About this task => Your answer must be an exact transcription of the data, with every picture omitted.

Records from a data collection
===

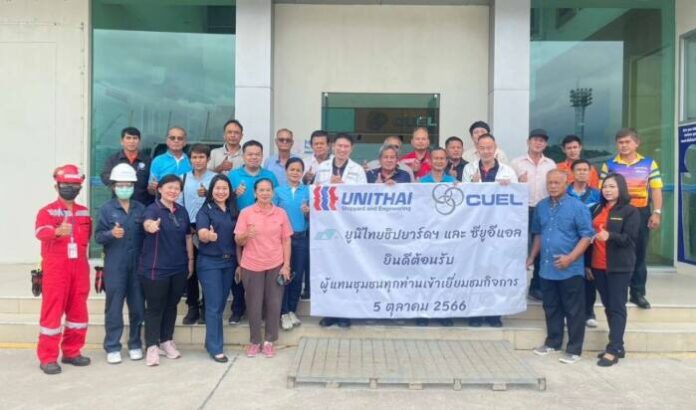 นายพันลึก กิตติสาเรศ กรรมการผู้จัดการ บริษัท ยูนิไทย ชิปยาร์ด แอนด์เอนจิเนียริ่ง จำกัด นายอภิเชษฐ์ บุญเผื่อน ผู้อำนวยการฝ่ายปฏิบัติการ บริษัทยูนิไทยชิปยาร์ดฯ นายสุรเชษฐ์ กังวานวาณิชย์ รองผู้จัดการทั่วไปฝ่ายปฏิบัติการ บริษัทซียูอีแอล จำกัด นางสาวพรเพ็ญ ด่านภักดี ผู้จัดการฝ่ายสื่อสารองค์กร กลุ่มบริษัทยูนิไทย และทีมชุมชนสัมพันธ์ ให้การต้อนรับ ประธานคณะกรรมการชุมชนทั้ง 11 ชุมชน ประกอบไปด้วย ชุมชนบ้านแหลมฉบัง ชุมชนบ้านทุ่ง ชุมชนวัดมโนรม ชุมชนอ่าวอุดม ชุมชนตลาดอ่าวอุดมชุมชนบ้านนาเก่า ชุมชนบ้านนาใหม่ ชุมชนหมู่บ้านแหลม ทอง ชุมชนบ้านทุ่งกราด ชุมชนบ้านหนองมะนาว และชุมชนบ้านบางละมุงเข้าเยี่ยมชมกิจการ วัตถุประสงค์การเปิดบ้านต้อนรับคณะกรรมการชุมชนในครั้งนี้ เพื่อได้พบปะพูดคุย ทำความรู้จักกับผู้บริหารบริษัทยูนิไทยชิปยาร์ด ซียูอีแอล และประธานคณะกรรมการทุกชุมชนรอบบริษัท รวมทั้งแลกเปลี่ยนแสดงความคิดเห็นในโครงการพัฒนาชุมชน ประจำปี 2566 โดยในปีนี้ บริษัทฯยังคงมีเจตนารมณ์ในการสนับสนุนและพัฒนาชุมชนอย่างต่อเนื่องผ่านกิจกรรมที่จัดขึ้นโดยมุ่งเน้นการในการพัฒนาอย่างยั่งยืนทั้ง 4 มิติ คือ ด้านเศรษฐกิจ ด้านสังคม ด้านการศึกษา และด้านสิ่งแวด ล้อม เพื่อให้เกิดประโยชน์สูงสุดต่อผู้มีส่วนได้เสียทุกภาคส่วน
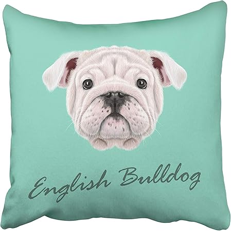 Kinhevao Cuscino Di Tiro Decorativo Disegno Ritratto Di Bulldog Inglese Cucciolo Carino Soffice Faccia Bianca Cane Domestico Sul Cuscino Blu Animale Bambino Amazon It Casa E Cucina
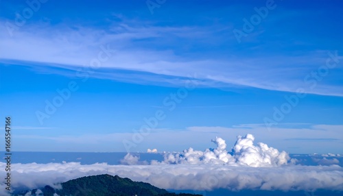 Fototapeta premium A vast expanse of a vibrant blue sky, dotted with fluffy white clouds, stretches above a sea of clouds, showcasing a majestic vista.
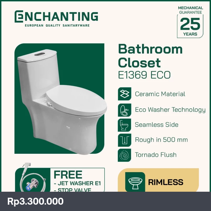 ENCHANTING Toilet / Kloset Duduk Siphonic Soft Close As 50cm E1369Eco
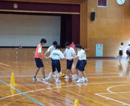 小中合同競技の「絆で勝負!なに輪リレー」の様子です。
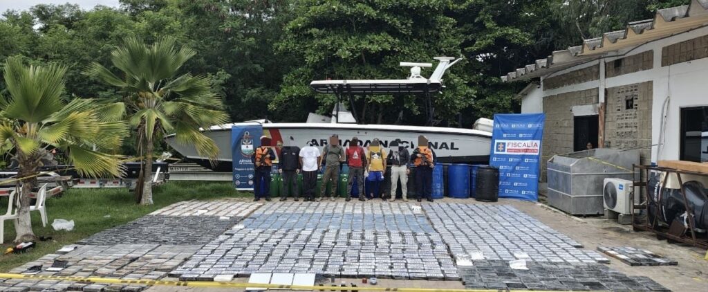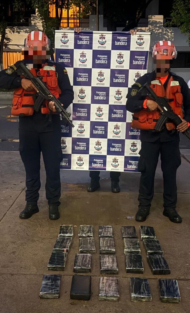 La Armada reveló: “En su interior fueron hallados 1.675 kilogramos de clorhidrato de cocaína, así como cuatro sujetos mayores de edad”.
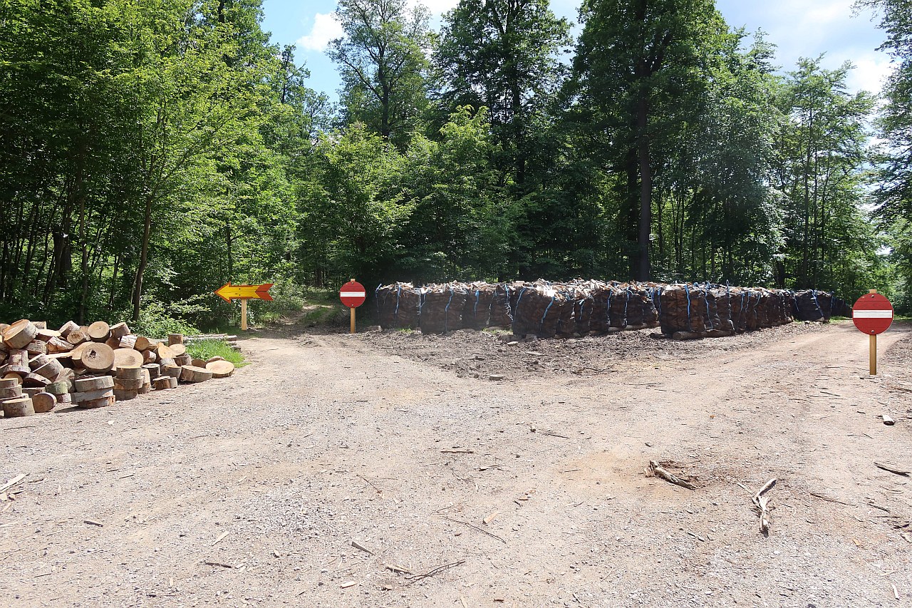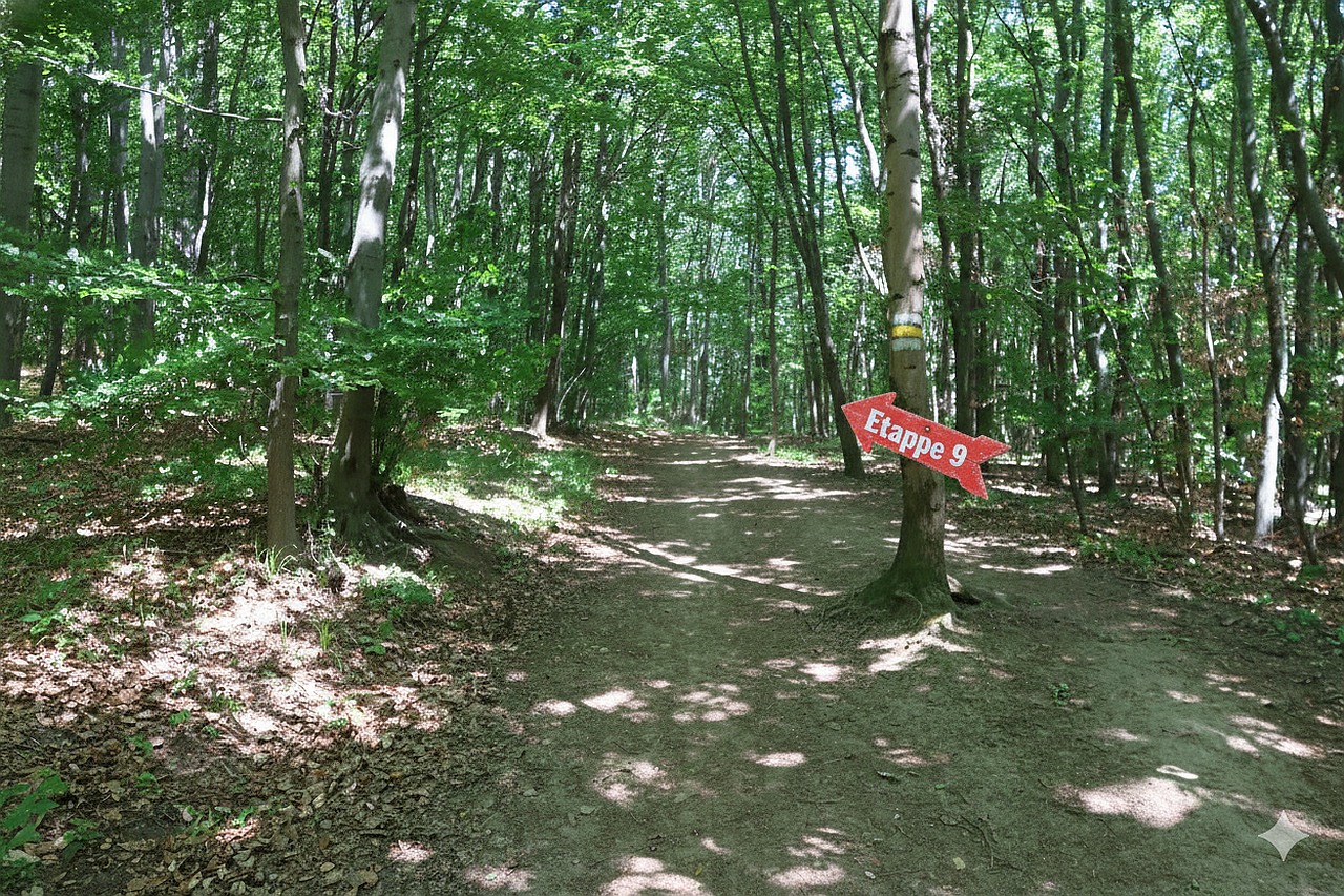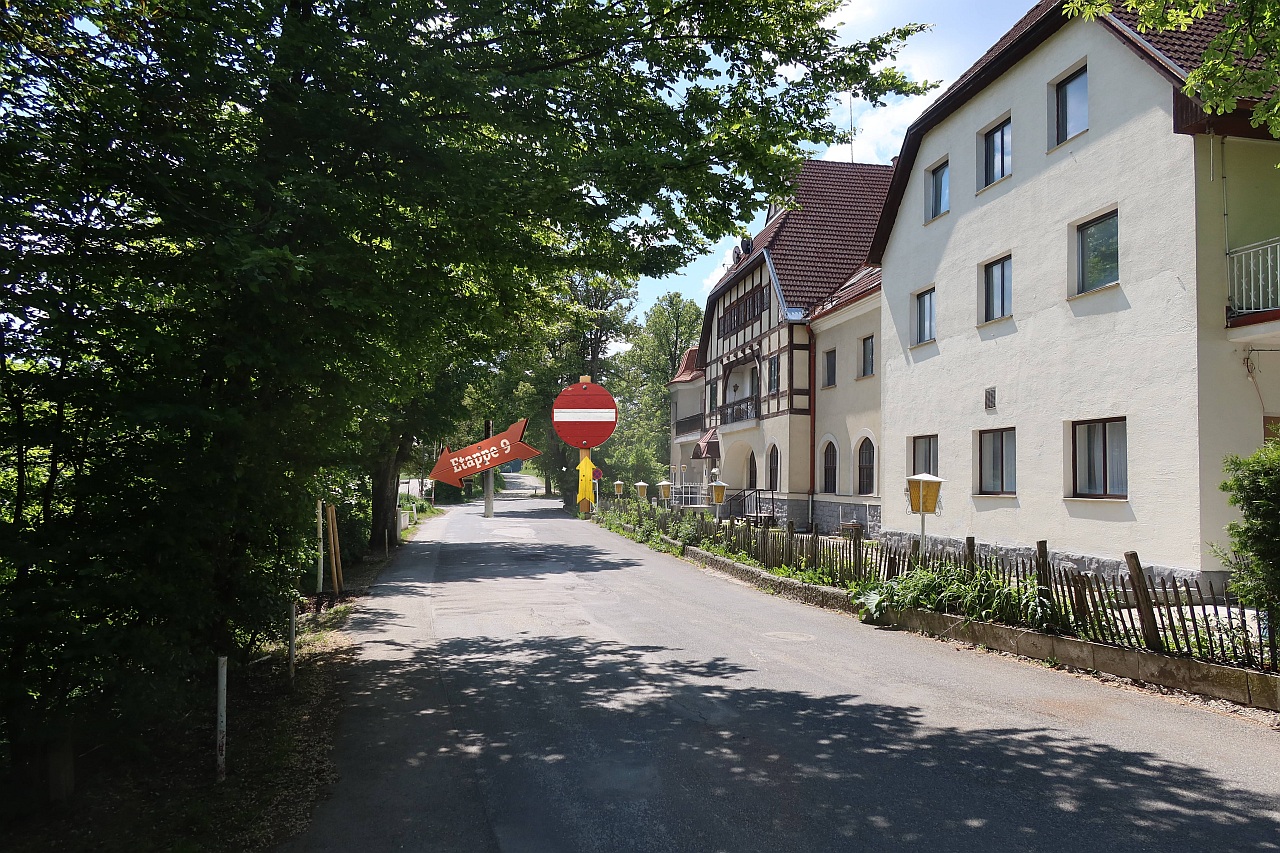 Vorletztes Teilstück. Wir haben uns für die Etappe entschieden, welche uns zum Schottenhof führen wird. Von den Schleifern müssen wir uns hier verabschieden. Die gehen gerade weiter nach Vorderhainbach. Gegnüber vom ehemaligen Haupteingang des Gebäudes leitet ein schmaler Pfad in den Wald hinein. Ein Wegweiser zeigt uns "Stadtwanderweg 8". Da wandern wir hinunter.
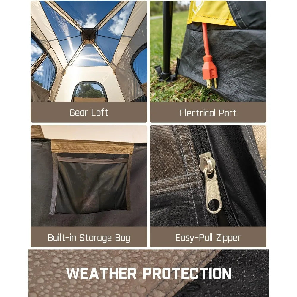 - [60 Seconds Set Up] You can set up the instant tent in under 60 seconds, thanks to its pre-installed poles and seamless construction. The quick and easy installation makes it the ideal companion for beginner campers, allowing you and your family to enjoy more time with nature
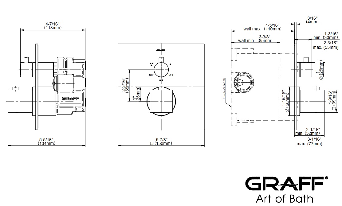 Graff Incanto Zawór termostatyczny 3-drożny podtynkowy - element zewnętrzny Chrom E-18043-SH-T
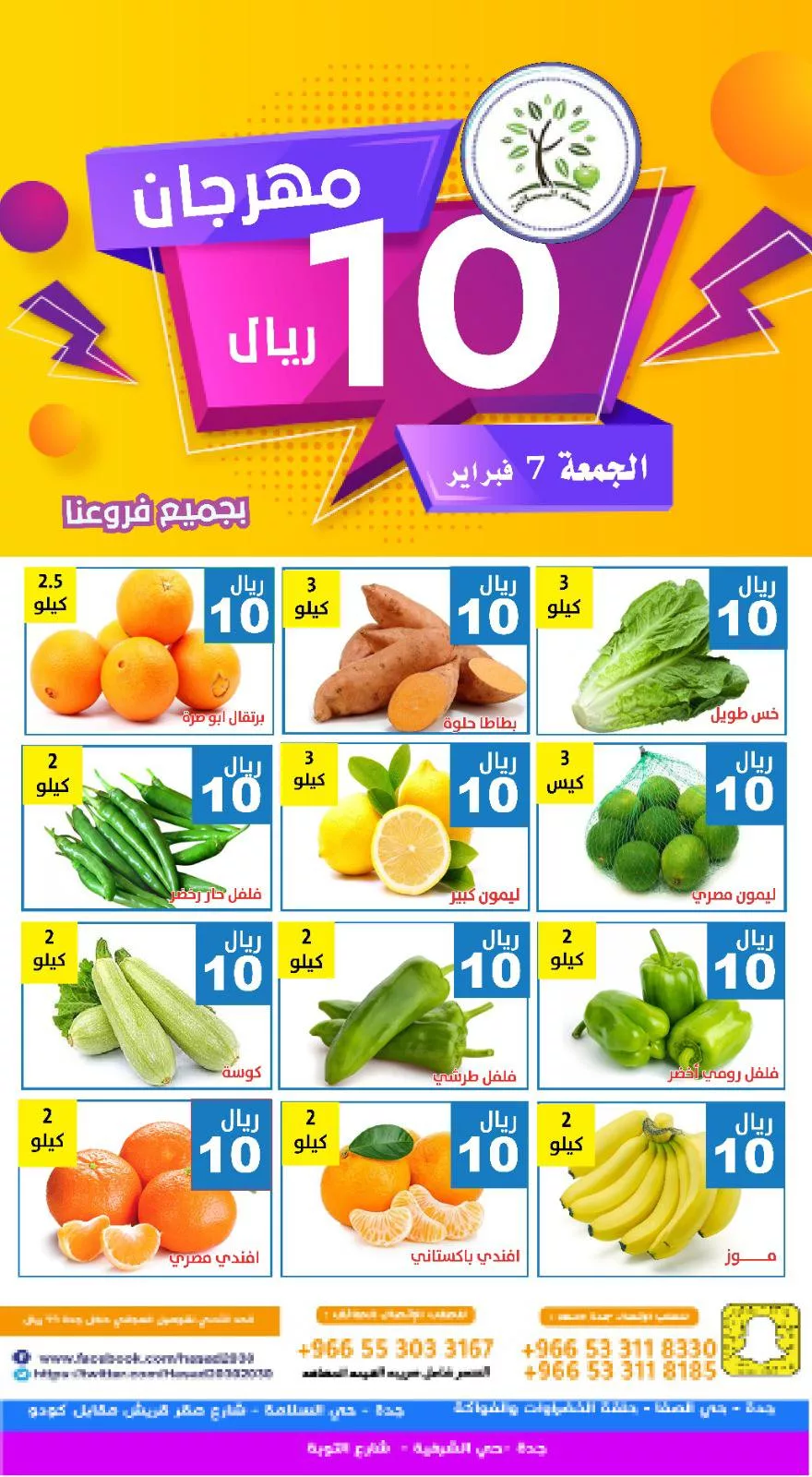 تقدم عروض مؤسسة حصاد البساتين مهرجان 10 ريال الجمعة 7 فبراير 2025 الذي يشمل مجموعة واسعة من الفواكه والخضروات الطازجة بأسعار منافسة وذلك حرصا على تقديم أفضل المنتجات بجودة عالية وأسعار في متناول الجميع يأتي هذا المهرجان ليكون فرصة مثالية لتوفير احتياجات الأسر السعودية من المنتجات الطازجة،

===

Response to the exercise =>
 นายพันลึก กิตติสาเรศ กรรมการผู้จัดการ บริษัท ยูนิไทย ชิปยาร์ด แอนด์เอนจิเนียริ่ง จำกัด นายอภิเชษฐ์ บุญเผื่อน ผู้อำนวยการฝ่ายปฏิบัติการ บริษัทยูนิไทยชิปยาร์ดฯ นายสุรเชษฐ์ กังวานวาณิชย์ รองผู้จัดการทั่วไปฝ่ายปฏิบัติการ บริษัทซียูอีแอล จำกัด นางสาวพรเพ็ญ ด่านภักดี ผู้จัดการฝ่ายสื่อสารองค์กร กลุ่มบริษัทยูนิไทย และทีมชุมชนสัมพันธ์ ให้การต้อนรับ ประธานคณะกรรมการชุมชนทั้ง 11 ชุมชน ประกอบไปด้วย ชุมชนบ้านแหลมฉบัง ชุมชนบ้านทุ่ง ชุมชนวัดมโนรม ชุมชนอ่าวอุดม ชุมชนตลาดอ่าวอุดมชุมชนบ้านนาเก่า ชุมชนบ้านนาใหม่ ชุมชนหมู่บ้านแหลม ทอง ชุมชนบ้านทุ่งกราด ชุมชนบ้านหนองมะนาว และชุมชนบ้านบางละมุงเข้าเยี่ยมชมกิจการ วัตถุประสงค์การเปิดบ้านต้อนรับคณะกรรมการชุมชนในครั้งนี้ เพื่อได้พบปะพูดคุย ทำความรู้จักกับผู้บริหารบริษัทยูนิไทยชิปยาร์ด ซียูอีแอล และประธานคณะกรรมการทุกชุมชนรอบบริษัท รวมทั้งแลกเปลี่ยนแสดงความคิดเห็นในโครงการพัฒนาชุมชน ประจำปี 2566 โดยในปีนี้ บริษัทฯยังคงมีเจตนารมณ์ในการสนับสนุนและพัฒนาชุมชนอย่างต่อเนื่องผ่านกิจกรรมที่จัดขึ้นโดยมุ่งเน้นการในการพัฒนาอย่างยั่งยืนทั้ง 4 มิติ คือ ด้านเศรษฐกิจ ด้านสังคม ด้านการศึกษา และด้านสิ่งแวด ล้อม เพื่อให้เกิดประโยชน์สูงสุดต่อผู้มีส่วนได้เสียทุกภาคส่วน
 Kinhevao Cuscino Di Tiro Decorativo Disegno Ritratto Di Bulldog Inglese Cucciolo Carino Soffice Faccia Bianca Cane Domestico Sul Cuscino Blu Animale Bambino Amazon It Casa E Cucina
 Fototapeta premium A vast expanse of a vibrant blue sky, dotted with fluffy white clouds, stretches above a sea of clouds, showcasing a majestic vista.
 ENCHANTING Toilet / Kloset Duduk Siphonic Soft Close As 50cm E1369Eco
 小中合同競技の「絆で勝負!なに輪リレー」の様子です。
 La Armada reveló: “En su interior fueron hallados 1.675 kilogramos de clorhidrato de cocaína, así como cuatro sujetos mayores de edad”.
 Vorletztes Teilstück. Wir haben uns für die Etappe entschieden, welche uns zum Schottenhof führen wird. Von den Schleifern müssen wir uns hier verabschieden. Die gehen gerade weiter nach Vorderhainbach. Gegnüber vom ehemaligen Haupteingang des Gebäudes leitet ein schmaler Pfad in den Wald hinein. Ein Wegweiser zeigt uns "Stadtwanderweg 8". Da wandern wir hinunter.
 - [60 Seconds Set Up] You can set up the instant tent in under 60 seconds, thanks to its pre-installed poles and seamless construction. The quick and easy installation makes it the ideal companion for beginner campers, allowing you and your family to enjoy more time with nature
 Graff Incanto Zawór termostatyczny 3-drożny podtynkowy - element zewnętrzny Chrom E-18043-SH-T
 تقدم عروض مؤسسة حصاد البساتين مهرجان 10 ريال الجمعة 7 فبراير 2025 الذي يشمل مجموعة واسعة من الفواكه والخضروات الطازجة بأسعار منافسة وذلك حرصا على تقديم أفضل المنتجات بجودة عالية وأسعار في متناول الجميع يأتي هذا المهرجان ليكون فرصة مثالية لتوفير احتياجات الأسر السعودية من المنتجات الطازجة،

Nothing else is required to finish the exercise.